[[ DATA EXCERPT, beginning ]]

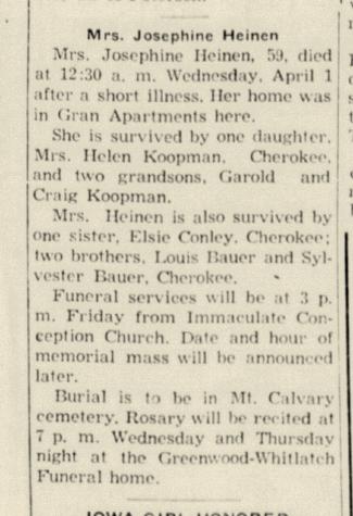 Child of Josephine M. Bauer and Theodore Frank Heinen
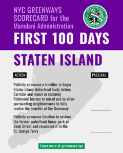 - Publicly announce a timeline to begin Staten Island Waterfront Early Action Corridor and invest in rezoning Richmond Terrace to mixed use to allow surrounding neighborhoods to fully realize the benefits of the Greenway
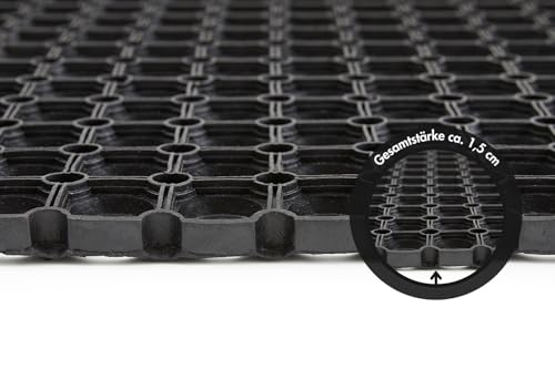 Andiamo Tappetino Zerbino Nido d'Ape con Anelli Aperti, Antiscivolo, in Gomma Morbida, Colore Nero, 60 x 80 cm
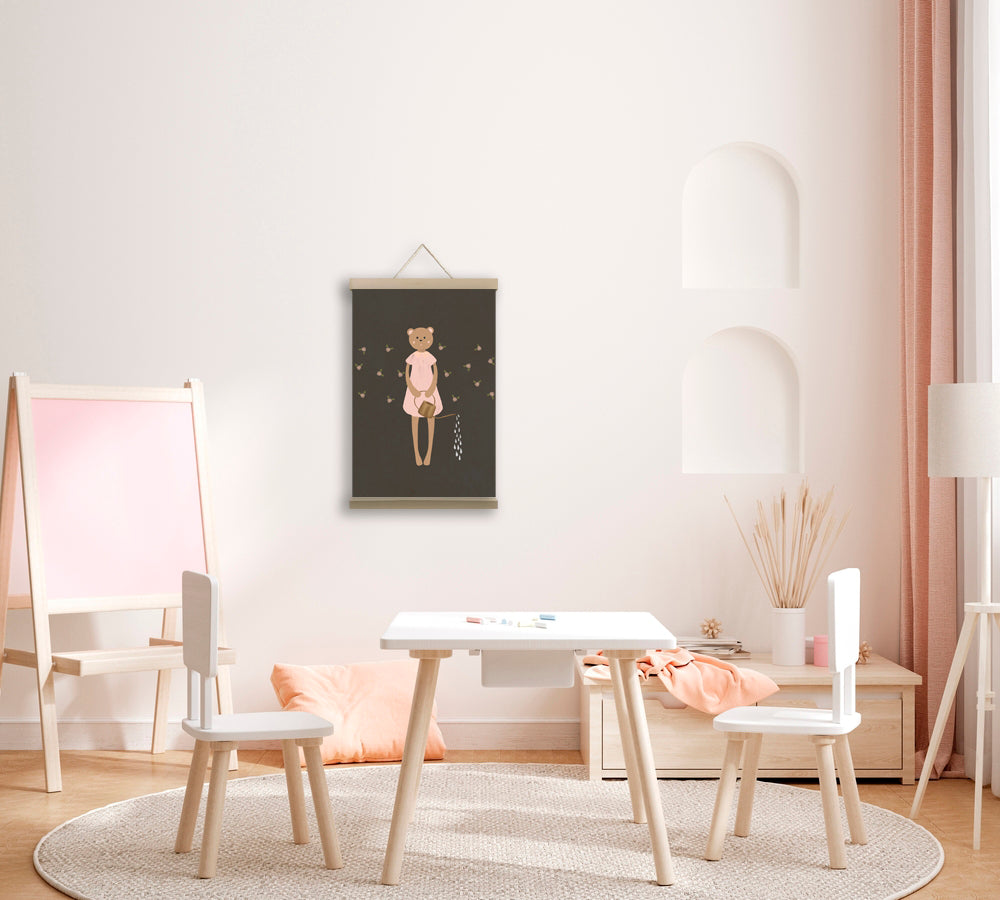 Kids' wall art, printed on canvas in a classic and timeless style, theme, and color palette. Designed to decorate children's or nursery rooms. Framed with wooden hanging hardware.

[[ DATA EXCERPT, end ]]

AIM OF THE EXERCISE:
The response should hold only an exact retyping of the lines from the beginning of the data through the line containing "- Publicly announce", both ends kept, pictures omitted.

ANSWER FOR THE TASK:
 Child of Josephine M. Bauer and Theodore Frank Heinen
 - Publicly announce a timeline to begin Staten Island Waterfront Early Action Corridor and invest in rezoning Richmond Terrace to mixed use to allow surrounding neighborhoods to fully realize the benefits of the Greenway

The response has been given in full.